What is required: I would like the lines below, from the one with "A Little Maid of Italy" through the one with "Figure 1 Primitive randomization devices.", copied exactly and without any pictures.

(Stored records)

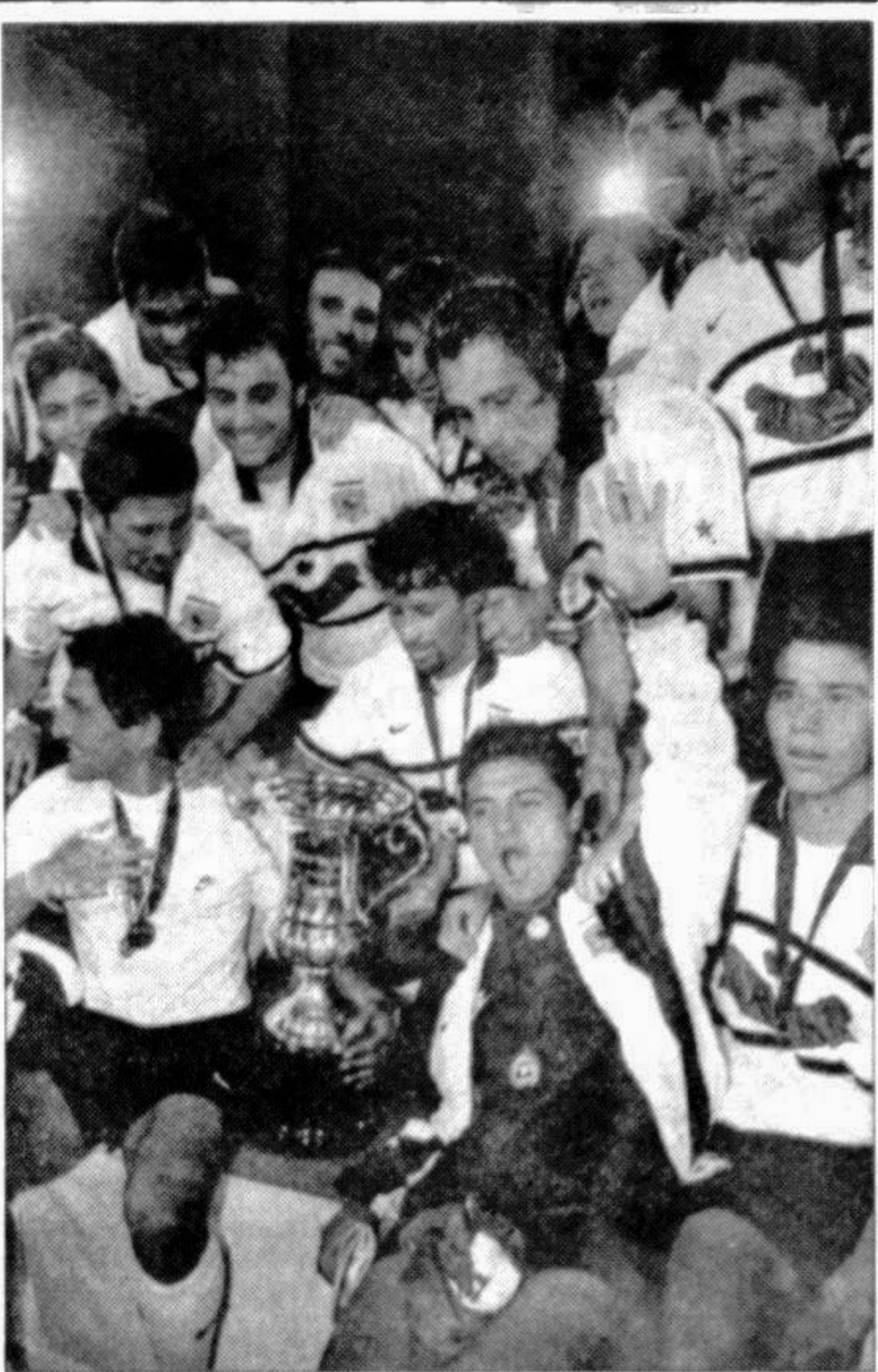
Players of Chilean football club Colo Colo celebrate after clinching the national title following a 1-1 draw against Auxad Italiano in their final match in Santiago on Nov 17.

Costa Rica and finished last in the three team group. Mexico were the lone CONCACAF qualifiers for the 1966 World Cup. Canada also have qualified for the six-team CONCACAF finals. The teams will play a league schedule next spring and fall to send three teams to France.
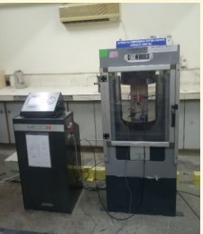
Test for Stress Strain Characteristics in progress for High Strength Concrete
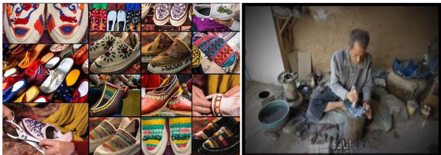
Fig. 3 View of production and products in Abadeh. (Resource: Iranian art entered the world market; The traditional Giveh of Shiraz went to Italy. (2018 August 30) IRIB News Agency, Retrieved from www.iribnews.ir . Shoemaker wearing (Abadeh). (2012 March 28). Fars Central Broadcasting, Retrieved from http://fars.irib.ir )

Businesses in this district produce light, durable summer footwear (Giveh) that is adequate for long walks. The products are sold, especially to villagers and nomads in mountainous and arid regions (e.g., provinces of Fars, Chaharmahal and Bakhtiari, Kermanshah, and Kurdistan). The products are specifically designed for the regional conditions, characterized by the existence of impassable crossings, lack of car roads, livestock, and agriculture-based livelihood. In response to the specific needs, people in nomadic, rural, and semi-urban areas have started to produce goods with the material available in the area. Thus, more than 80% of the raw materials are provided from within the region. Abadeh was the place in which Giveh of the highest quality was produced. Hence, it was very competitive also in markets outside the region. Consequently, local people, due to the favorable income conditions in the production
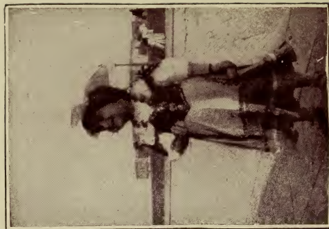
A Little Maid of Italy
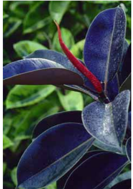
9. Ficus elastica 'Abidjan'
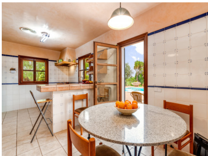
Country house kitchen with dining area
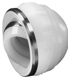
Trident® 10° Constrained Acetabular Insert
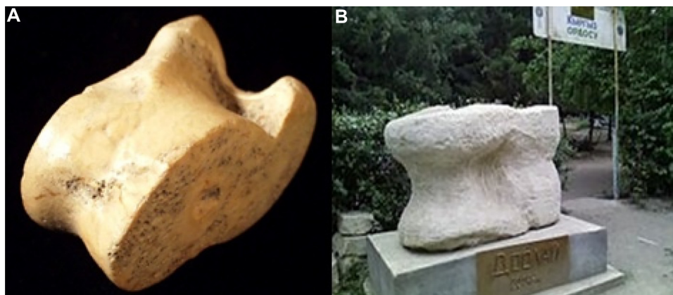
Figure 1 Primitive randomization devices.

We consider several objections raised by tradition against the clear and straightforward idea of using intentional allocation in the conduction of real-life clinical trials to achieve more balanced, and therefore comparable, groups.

Reply to the task:
A Little Maid of Italy
9. Ficus elastica 'Abidjan'
Country house kitchen with dining area
Trident® 10° Constrained Acetabular Insert
Figure 1 Primitive randomization devices.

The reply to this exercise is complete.